Denial of Service Attack : SYN Flood


The SYN attack exploits TCP/IP's three-way handshake. This is in order to understand as to how SYN Attacks work, you need to first know how TCP/IP establishes a connection between two systems. Whenever a client wants to establish a connection with a host, then three steps take place. These three steps are referred to as the three-way handshake.

In a normal three way handshake, what happens is that, the client sends a SYN packet to the host, the host replies to this packet with a SYN ACK packet. Then the client responds with a ACK (Acknowledgement) packet. This will be clearer after the following depiction of these steps-:

1. Client --------SYN Packet-----------à Host

In the first step the client sends a SYN packet to the host, with whom it wants to establish a three-way connection. The SYN packet requests the remote system for a connection. It also contains the Initial Sequence Number or ISN of the client, which is needed by the host to put back the fragmented data in the correct sequence.
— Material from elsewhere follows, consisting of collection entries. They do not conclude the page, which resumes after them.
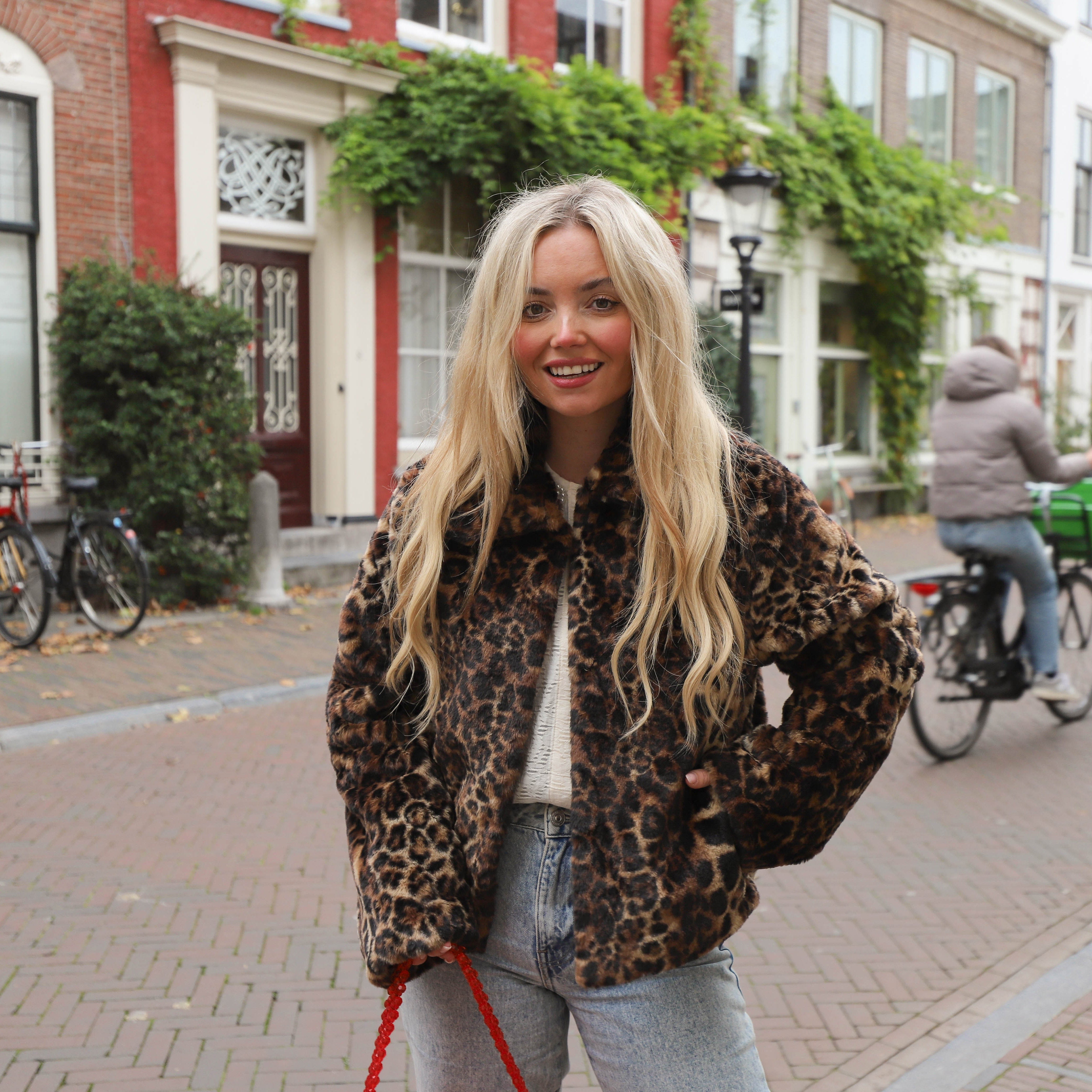 Mooie jas van Noisy May met panterprint. Het jasje heeft een kort model en een kraag. Fleurt elke outfit op!
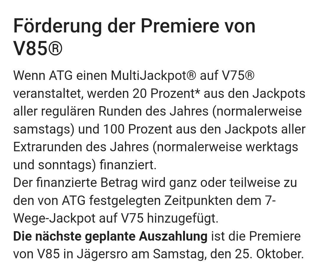 Hat die ATG schon bekannt gegeben, ob der "restliche"JP in der V75 nun komplett am 11.10 ausgespielt wird oder ein Teil in die JP Maschine V85 wandert? Ich finde da nichts aktuelles 🤷♂️ |
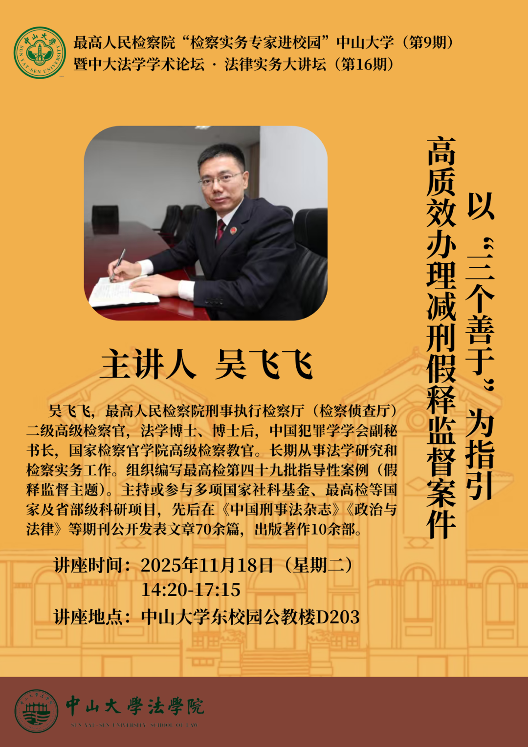 最高人民检察院“检察实务专家进校园”www.betvlctor1946.com(第9期)、中大法学学术论坛·法律实务大讲坛(第16期):以“三个善于”为指引高质效办理减刑假释监督案件
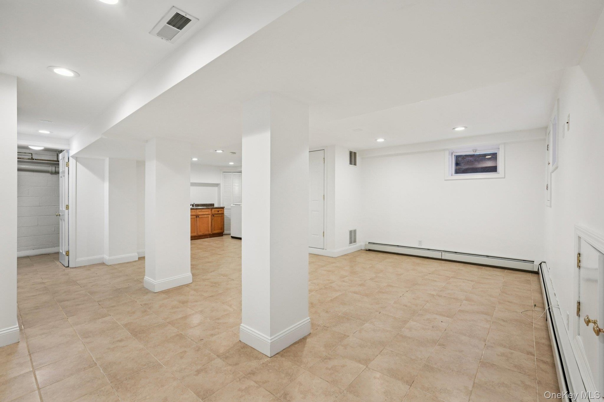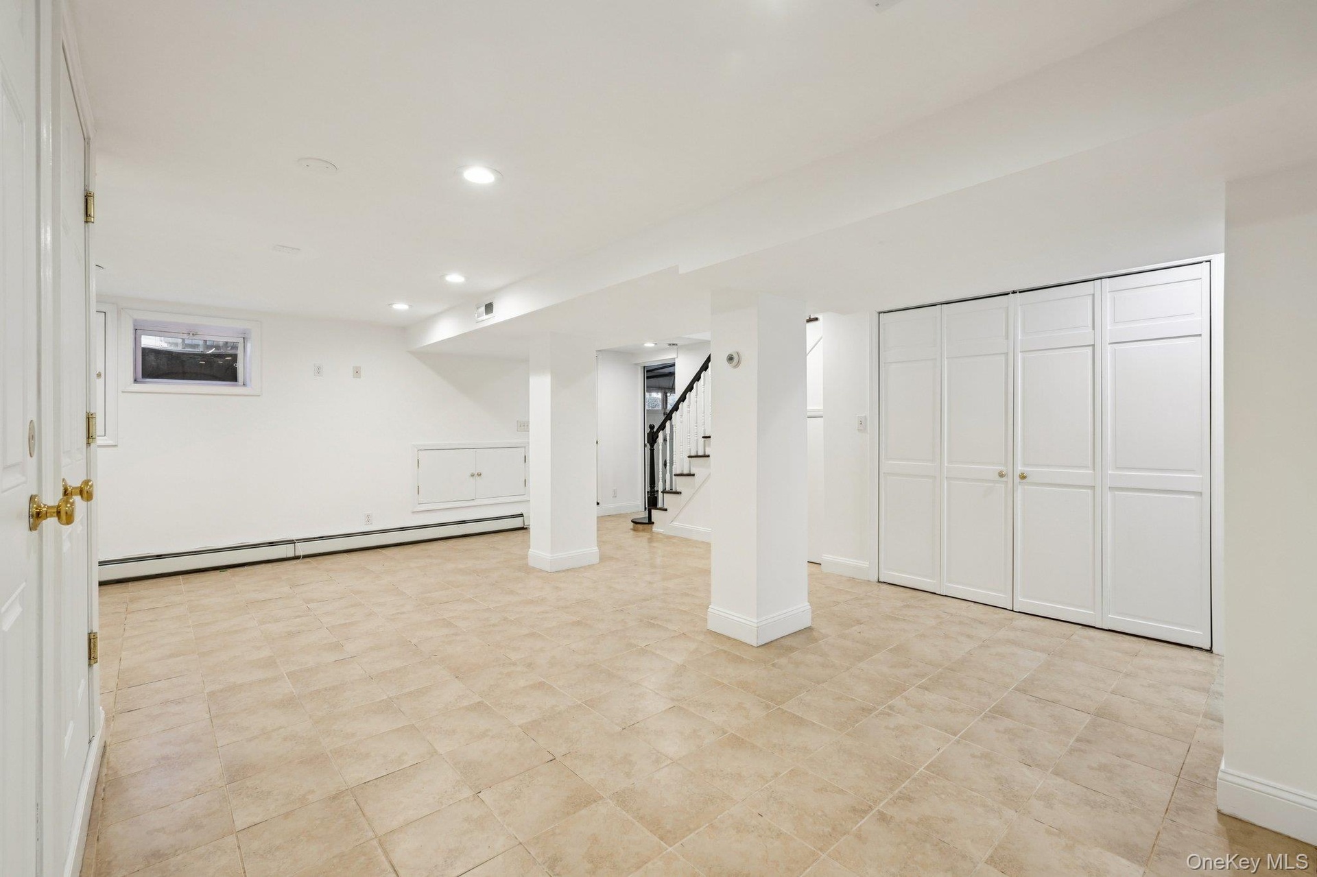 - Finished below grade area with a baseboard radiator, stairway, recessed lighting, a baseboard heating unit, and light tile patterned floors

2. Host -------------SYN/ACK Packet--------àClient

In the second step, the host replies to the client with a SYN/ACK packet. This packet acknowledges the SYN packet sent by the client and sends the client its own ISN.

3. Client --------------ACK---------------------à Host

In the last step the client acknowledges the SYN/ACK packet sent by the host by replying with a ACK packet. These three steps together are known as the 3-way handshake and only when they are completed is a complete TCP/IP connection established.

In a SYN attack, several SYN packets are sent to the server but all these SYN packets have a bad source IP Address. When the target system receives these SYN Packets with Bad IP Addresses, it tries to respond to each one of them with a SYN ACK packet. Now the target system waits for an ACK message to come from the bad IP address. However, as the bad IP does not actually exist, the target system never actually receives the ACK packet. It thus queues up all these requests until it receives an ACK message. The requests are not removed unless and until, the remote target system gets an ACK message. Hence these requests take up or occupy valuable resources of the target machine.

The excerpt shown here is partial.